WHAT THIS TASK INVOLVES:
The reply should hold only the lines below beginning at the one with "Проте є й інші" and ending at the one with "2016年上半年普通话培训与测试通知", copied exactly, with every picture left out.

SOURCE MATERIAL:

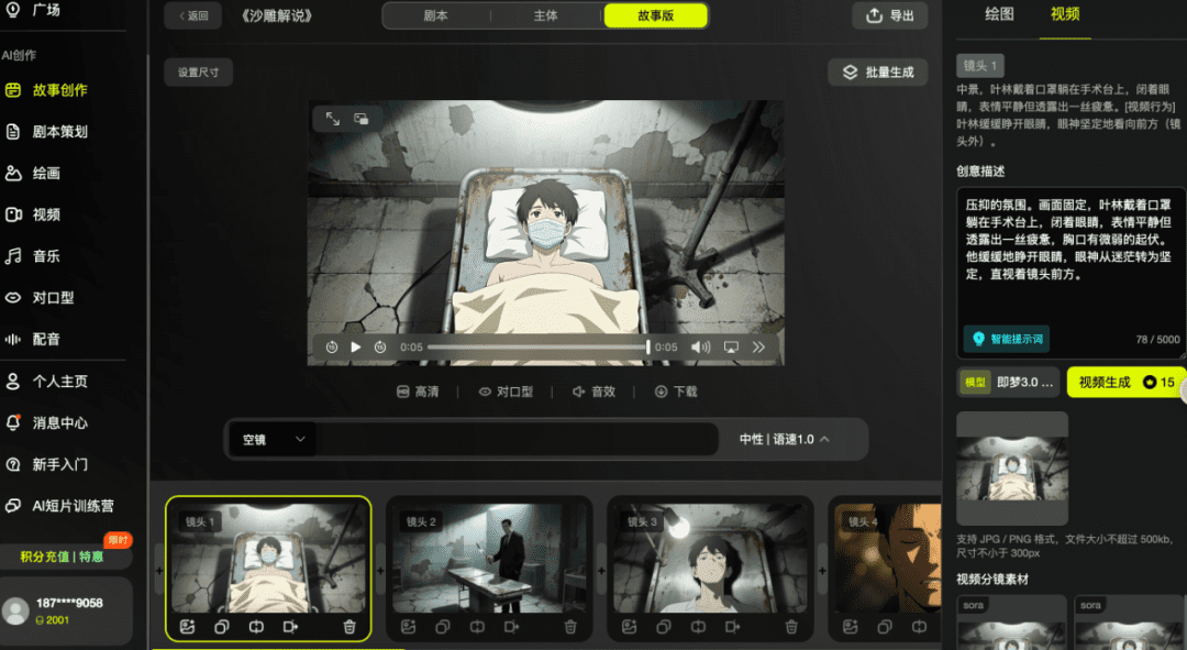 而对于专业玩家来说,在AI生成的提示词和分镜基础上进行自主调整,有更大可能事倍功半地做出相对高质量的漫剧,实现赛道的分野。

---

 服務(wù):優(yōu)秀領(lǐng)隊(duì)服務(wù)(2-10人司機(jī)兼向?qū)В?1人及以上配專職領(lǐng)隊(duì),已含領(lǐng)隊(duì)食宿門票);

--

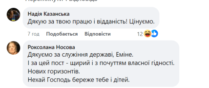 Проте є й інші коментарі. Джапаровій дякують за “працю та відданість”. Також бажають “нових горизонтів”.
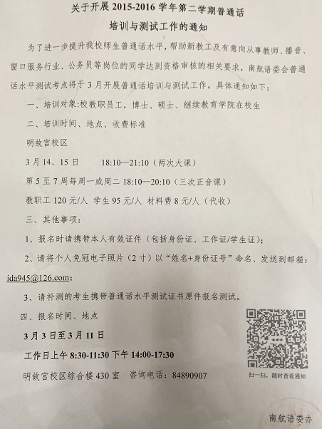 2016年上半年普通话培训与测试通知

ANSWER TO THE PROBLEM:
 Проте є й інші коментарі. Джапаровій дякують за “працю та відданість”. Також бажають “нових горизонтів”.
 2016年上半年普通话培训与测试通知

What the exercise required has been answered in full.